Marg Limited: Port And SEZ Play

PO Rs 377

 

Outlook and valuations: Attractive; initiating coverage with 'BUY'

We have valued Marg using SOTP at a fair value of INR 377/share. At CMP of INR 220/share, we see potential upside of 72% from current levels. Scale up at the port and volumes in SEZ and real estate business will be key drivers for our valuation. We initiate coverage on the stock with 'BUY' recommendation.

 

Changing tack; regional development model to drive growth

 

Marg's business has transcended from being an asset light model to a mix of light and heavy assets, with high visibility and a sustained earnings model. The company plans to achieve this by setting up infrastructure assets and providing ancillary services to boost development of the surrounding hinterland. Cash flows from short-term EPC business are expected to support initial capital for its real estate and infrastructure assets, which will drive the company's future growth.

 

Port strategically located to tap thermal coal demand

 

Karaikal Port (KPPL), Marg's flagship project, commenced phase I operations in June 2009 and has already handled ~1.4 MT cargo in Q1FY11. It has undertaken phase IIA expansion to 21 MTPA. The port is well positioned to encash on bulk cargo demand due to its strategic location (well connected to central Tamil Nadu through rail and road), deep draft, faster turnaround time, and state-of-the-art facilities compared with neighbouring major ports—Chennai and Tuticorin.

 

Improved traction in Chennai market to boost real estate business

 

With signs of recovery in India on the back of strong domestic demand, Marg's real estate business, especially at the Swarnabhoomi SEZ (on the outskirts of Chennai), has picked up through improved land sale and lease rentals.

 

Further, its multi-purpose mall at Karapakkam is first of its kind to address

the underpenetrated organised retail in Chennai's OMR and increasing demand for office space by IT companies. In addition, the company's strong pipeline of residential project launches should aid valuations.

 

External EPC business gaining ground

 

Marg's current ~INR 28 bn order book comprises 20% external contracts.
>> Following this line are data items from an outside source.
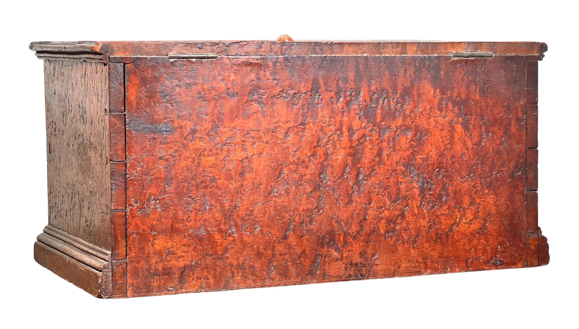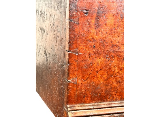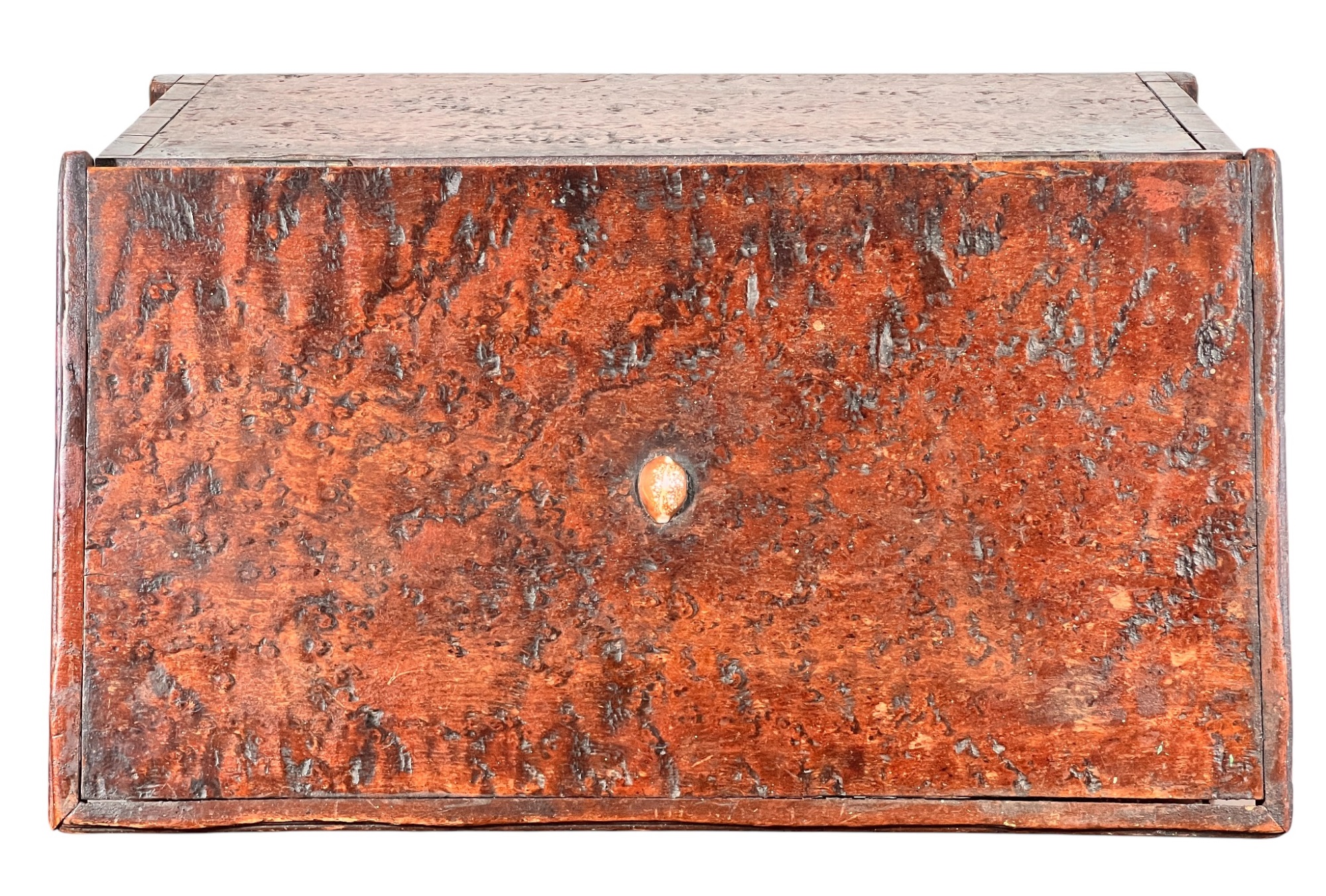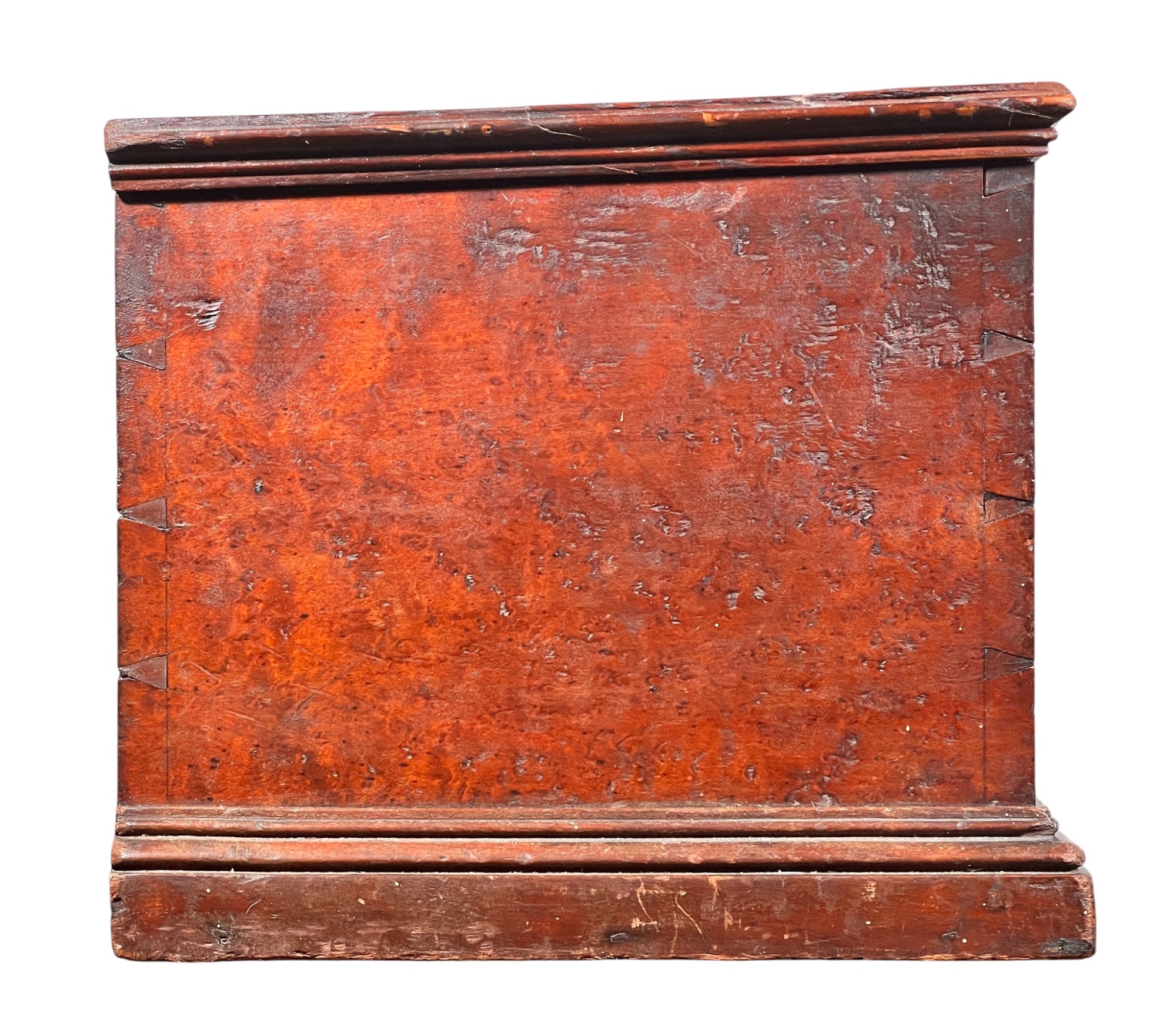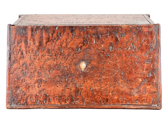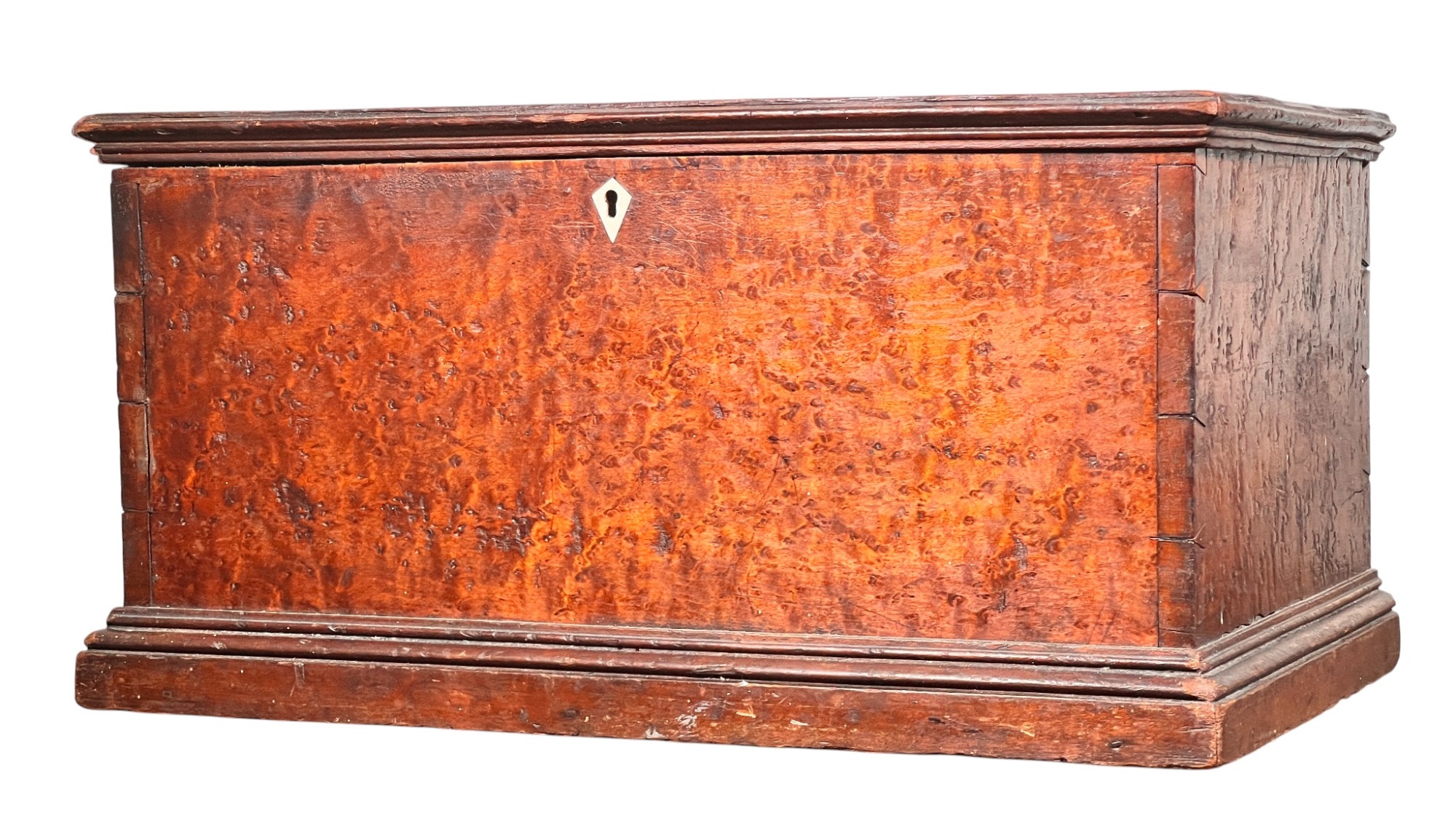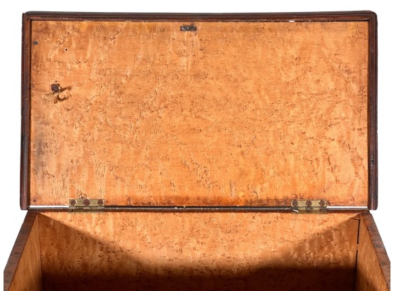 Early (19th c) lock box constructed from fabulous Birdseye maple with molded top and dovetail construction. Purchased from NH Antiques Show. 8 x 17 x 9 1/2 inches. Condition: Original surface, shell affixed to lid.
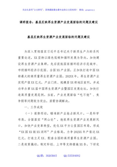 调研报告:基层反映再生资源产业发展面临的问题及建议基层反映再生资源产业发展面临的问题及建议
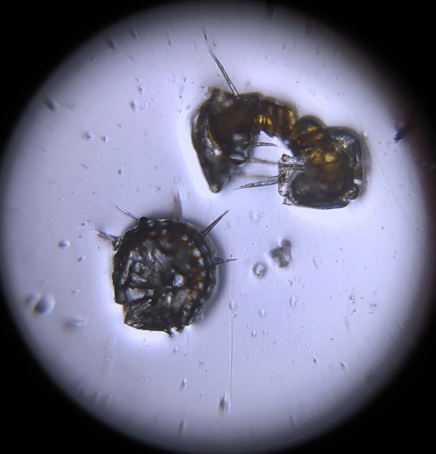 Figura 2.- Izquierda-abajo: Esporangio de helecho con filamentos en la superficie. Arriba-derecha: Esporangio eclosionado y con anillo.
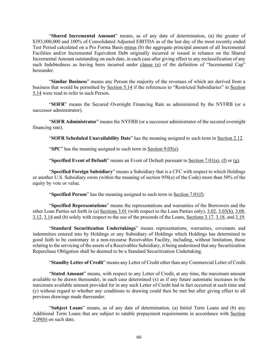 66 “Shared Incremental Amount” means, as of any date of determination, (a) the greater of $393,000,000 and 100% of Consolidated Adjusted EBITDA as of the last day of the most recently ended Test Period calculated on a Pro Forma Basis minus (b) the aggregate principal amount of all Incremental Facilities and/or Incremental Equivalent Debt originally incurred or issued in reliance on the Shared Incremental Amount outstanding on such date, in each case after giving effect to any reclassification of any such Indebtedness as having been incurred under clause (e) of the definition of “Incremental Cap” hereunder. “Similar Business” means any Person the majority of the revenues of which are derived from a business that would be permitted by Section 5.14 if the references to “Restricted Subsidiaries” in Section 5.14 were read to refer to such Person. “SOFR” means the Secured Overnight Financing Rate as administered by the NYFRB (or a successor administrator). “SOFR Administrator” means the NYFRB (or a successor administrator of the secured overnight financing rate). “SOFR Scheduled Unavailability Date” has the meaning assigned to such term in Section 2.12. “SPC” has the meaning assigned to such term in Section 9.05(e). “Specified Event of Default” means an Event of Default pursuant to Section 7.01(a), (f) or (g). “Specified Foreign Subsidiary” means a Subsidiary that is a CFC with respect to which Holdings or another U.S. Subsidiary owns (within the meaning of section 958(a) of the Code) more than 50% of the equity by vote or value. “Specified Person” has the meaning assigned to such term in Section 7.01(f). “Specified Representations” means the representations and warranties of the Borrowers and the other Loan Parties set forth in (a) Sections 3.01 (with respect to the Loan Parties only), 3.02, 3.03(b), 3.08, 3.12, 3.14 and (b) solely with respect to the use of the proceeds of the Loans, Sections 3.17, 3.18, and 3.19. “Standard Securitization Undertakings” means representations, warranties, covenants and indemnities entered into by Holdings or any Subsidiary of Holdings which Holdings has determined in good faith to be customary in a non-recourse Receivables Facility, including, without limitation, those relating to the servicing of the assets of a Receivables Subsidiary, it being understood that any Securitization Repurchase Obligation shall be deemed to be a Standard Securitization Undertaking. “Standby Letter of Credit” means any Letter of Credit other than any Commercial Letter of Credit. “Stated Amount” means, with respect to any Letter of Credit, at any time, the maximum amount available to be drawn thereunder, in each case determined (x) as if any future automatic increases in the maximum available amount provided for in any such Letter of Credit had in fact occurred at such time and (y) without regard to whether any conditions to drawing could then be met but after giving effect to all previous drawings made thereunder. “Subject Loans” means, as of any date of determination, (a) Initial Term Loans and (b) any Additional Term Loans that are subject to ratable prepayment requirements in accordance with Section 2.09(b) on such date.

It is committed to enhance this share by forging alliances to develop a forte in roads and irrigation by registering itself with various government bodies like Military Engineering Services, Karnataka Housing Board, among others.

 

Safe Harbor Statement:

Some forward looking statements on projections, estimates, expectations & outlook are included to enable a better comprehension of the Company prospects. Actual results may, however, differ materially from those stated on account of factors such as changes in government regulations, tax regimes, economic developments within India and the countries within which the Company conducts its business, exchange rate and interest rate movements, impact of competing products and their pricing, product demand and supply constraints.
 
Nothing in this article is, or should be construed as, investment advice.